Hauslab Design & Build Pte Ltd v Vinod Kumar Ramgopal Didwania

JurisdictionSingapore
JudgeVinodh Coomaraswamy J
Judgment Date11 October 2016
Neutral Citation[2016] SGHC 222
Published date24 March 2017
Date11 October 2016
Year2016
Hearing Date11 February 2016,20 November 2015
Subject MatterAlternative dispute resolution procedures,Dispute resolution,Building and construction law
Plaintiff CounselLam Wei Yaw and Koh En Da, Matthew (Rajah & Tann Singapore LLP), Foo Jong Han Rey (KSCGP Juris LLP)
Defendant CounselLam Kuet Keng Steven John (Templars Law LLC)
CourtHigh Court (Singapore)
Citation[2016] SGHC 222
Docket NumberOriginating Summons No 312 of 2015 (Summons No 2030 of 2015)
Vinodh Coomaraswamy J: Introduction

The plaintiff served a payment claim under the Building and Construction Industry Security of Payment Act (Cap 30B, 2006 Rev Ed) (“the Act”) on the defendant.

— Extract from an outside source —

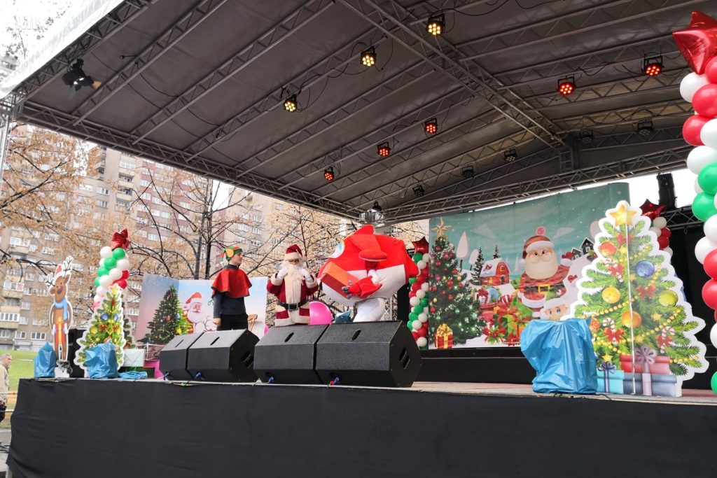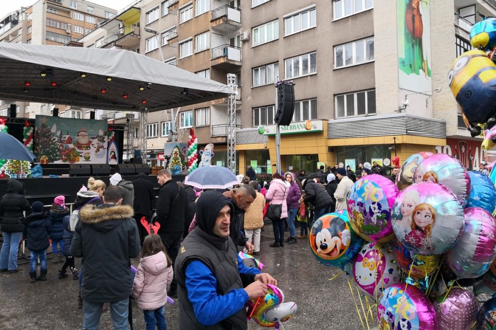 Novogodišnji program na Trgu Alije Izetbegovića počeo je danas u 12 sati predstavom za djecu koju je za najmlađe Zeničane priredio Tropic team te podjelom prigodnih poklona koje su obezbijedili sponzori i partneri novogodišnjeg programa u Zenici.

The defendant failed to satisfy the claim. The plaintiff proceeded to have its claim adjudicated. The defendant resisted the adjudication on the ground that one of the Act’s fundamental requirements was not fulfilled. His position was that he had no contract at all with the plaintiff. He accepted that he had entered into a contract which did fulfil the requirements of the Act, but argued that the counterparty to that contract was not the plaintiff but another entity entirely. He argued, further, that he had never agreed to that other entity novating his contract to the plaintiff.

The adjudicator rejected the defendant’s argument and found that the defendant had indeed agreed to his contract being novated to the plaintiff. He therefore determined the adjudication in the plaintiff’s favour. The plaintiff then applied for and secured leave ex parte to enforce the adjudication determination as a judgment or order of the court.

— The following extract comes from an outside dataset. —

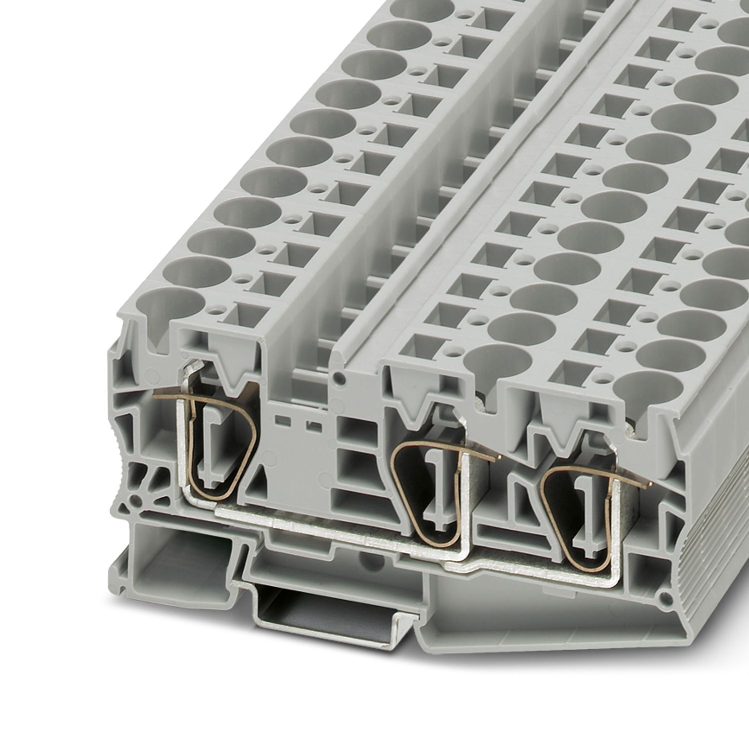 Трехпроводные пружинные клеммы ST ...-TWIN являются компактной альтернативой стандартным проходным клеммам в случаях, когда требуется выполнить разводку потенциалов с помощью проводов сечением 10 и 16 мм²|Описание гибких возможностей установки соединений в системе CLIPLINE complete приведено в разделе "Принадлежности для соединительных клеммных систем CLIPLINE complete"|Идеально подходят для разветвителей потенциалов в кольцевых сетях|Соединение с клеммами с номинальным поперечным сечением 2,5 или 4 мм² прозводится с помощью переходной перемычки RB ST ...(2,5/4) без дополнительных проводов

The defendant now applies to set aside that leave.

The defendant rests his setting-aside application on two submissions. First, he submits that the adjudicator had no jurisdiction to issue the determination against him because the defendant has never had a contract with the plaintiff within the meaning of s 4 of the Act. Second, he submits that the adjudicator breached his duty under s 16(3) of the Act to comply with the principles of natural justice.

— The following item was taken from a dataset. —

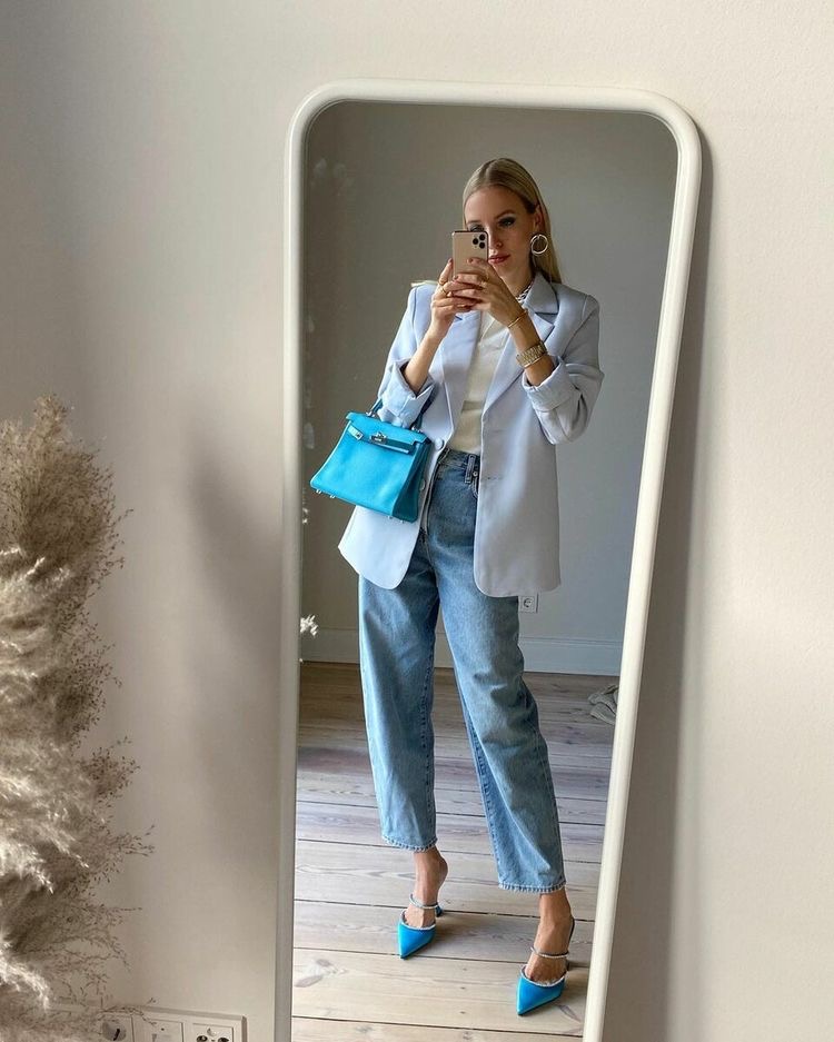 Голубая сумка – это универсальный вариант на лето, особенно для офисного костюма.

Having heard the parties and considered their submissions, I have dismissed the defendant’s application with costs. The defendant has appealed against my decision. I therefore set out my grounds.

Background The contract

The defendant is the owner of a substantial property in District 11. In April 2013, he entered into a construction contract with a company known as Hauslab D&B Pte Ltd (“D&B”). The contract names the defendant as the “Employer” and D&B as the “Builder”1 and the “Contractor”.2 It obliges D&B to design and build for the defendant on his property a two-storey detached house with an attic and an open roof terrace. The contract’s value is a little under $5.1m.3 I shall refer to this contract as “the construction contract”.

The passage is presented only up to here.